Regular as clockwork, the flu arrives every year. And, according to the national Centers for Disease Control and Prevention, 5 to 20 percent of the U.S. population on average will come down with it. About 36,000 people will die.
But among health experts, a bigger concern than the seasonal flu is an outright flu pandemic, such as a human strain of avian flu. And officials say it is not a question of if such a health crisis will come but when. Are we prepared? In a word, say three UCLA researchers, no.
In a report to be published in the peer-reviewed journal PLoS Computational Biology and currently available online, Sally Blower, a professor at the Semel Institute for Neuroscience and Human Behavior at UCLA, and Romulus Breban and Raffaele Vardavas, postdoctoral fellows in Blower’s research group, used novel mathematical modeling techniques to predict that current health policy — based on voluntary vaccinations — is not adequate to control severe flu epidemics and pandemics unless vaccination programs offer incentives to individuals.

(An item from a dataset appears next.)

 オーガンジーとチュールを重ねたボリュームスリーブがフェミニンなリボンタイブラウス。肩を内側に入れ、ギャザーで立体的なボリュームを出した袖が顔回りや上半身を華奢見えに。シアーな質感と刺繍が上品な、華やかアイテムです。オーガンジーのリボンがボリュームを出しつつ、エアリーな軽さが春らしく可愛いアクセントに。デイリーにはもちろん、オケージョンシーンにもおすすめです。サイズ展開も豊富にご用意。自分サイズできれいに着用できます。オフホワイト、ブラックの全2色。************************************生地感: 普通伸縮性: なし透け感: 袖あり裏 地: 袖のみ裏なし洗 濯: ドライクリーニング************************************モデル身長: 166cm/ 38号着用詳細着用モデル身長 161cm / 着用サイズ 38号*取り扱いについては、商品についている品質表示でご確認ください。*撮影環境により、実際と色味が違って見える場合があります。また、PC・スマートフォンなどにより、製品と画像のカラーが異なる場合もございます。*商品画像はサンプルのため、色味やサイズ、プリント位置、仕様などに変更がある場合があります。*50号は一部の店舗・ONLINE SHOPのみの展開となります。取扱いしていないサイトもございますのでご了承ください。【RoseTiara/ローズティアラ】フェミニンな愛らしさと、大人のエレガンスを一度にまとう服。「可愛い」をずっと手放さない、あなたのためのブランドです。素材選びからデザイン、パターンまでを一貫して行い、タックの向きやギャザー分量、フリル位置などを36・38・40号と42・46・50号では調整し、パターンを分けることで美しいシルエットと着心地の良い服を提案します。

According to the researchers, the severity of such a health crisis could be reduced if programs were to provide several years of free vaccinations to individuals who pay for only one year. Interestingly, however, some incentive programs could have the opposite effect. Providing free vaccinations for entire families, for example, could actually increase the frequency of severe epidemics. This is because when the head of the household makes a choice — flu shots or no flu shots — on behalf of all the other household members, there is no individual decision-making, and adaptability is decreased.
While other models have determined what proportion of the population would need to be vaccinated in order to prevent a pandemic, none of these models have shown whether this critical coverage can actually be reached. What has been missing, according to Blower, a mathematical and evolutionary biologist, is the human factor.

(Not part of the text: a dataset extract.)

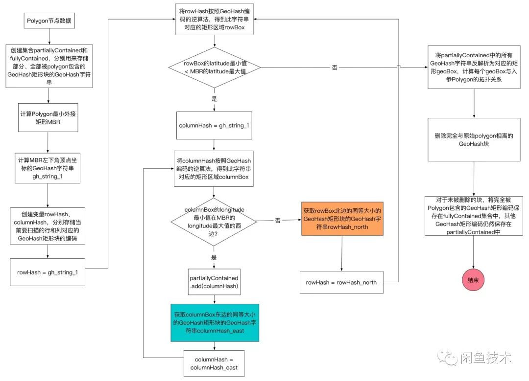 算法思路是,先找到目标Polygon的最小外接矩形MBR,计算此MBR西南角坐标对应的GeoHash编码。然后用GeoHash编码的逆算法,反解出此编码对应的矩形GeoHash块。以此GeoHash块为起点,循环往东、往北找相邻的同等大小的GeoHash块,直到找到的GeoHash块完全超出MBR的范围才停止。如此找到的多个GeoHash块,边缘上的部分可能与目标Polygon完全不相交,这部分块需要通过计算剔除掉,如此一来可以减少后续不必要的计算量。

The human factor involves two biological characteristics, “memory and how adaptable people can be,” Blower said. “These characteristics drive human behavior.”
Blower and her group used people’s attitudes toward the seasonal flu to construct their model. With seasonal flu, protective immunity — a flu shot — lasts only one year. Thus, individuals must decide each year whether or not to participate in a vaccination program.
The model Blower’s team developed is inspired by game theory, used in economics to predict how non-communicating, selfish individuals reach a collective behavior with respect to a common dilemma by adapting to what they think are other people’s decisions. The group modeled each individual’s strategy for making yearly vaccination decisions as an adaptive process of trial and error. They tracked both individual-level decisions and population-level variables — that is, the yearly vaccine coverage level and influenza prevalence, where prevalence is defined as the proportion of the population that is infected. The individual-level model was based on the human biological attributes of memory and adaptability.
“We assume that the decision of each individual is based upon self-interest, that people wish to avoid coming down with the flu, preferably without having to vaccinate,” said Breban.
It is the adaptive decision-making by the individual, the researchers say, that may be an important and previously overlooked causal factor in driving influenza epidemiology.
“Including cognitive and personality factors into epidemic models can dramatically change our understanding of why flu epidemics occur.” said Vardavas.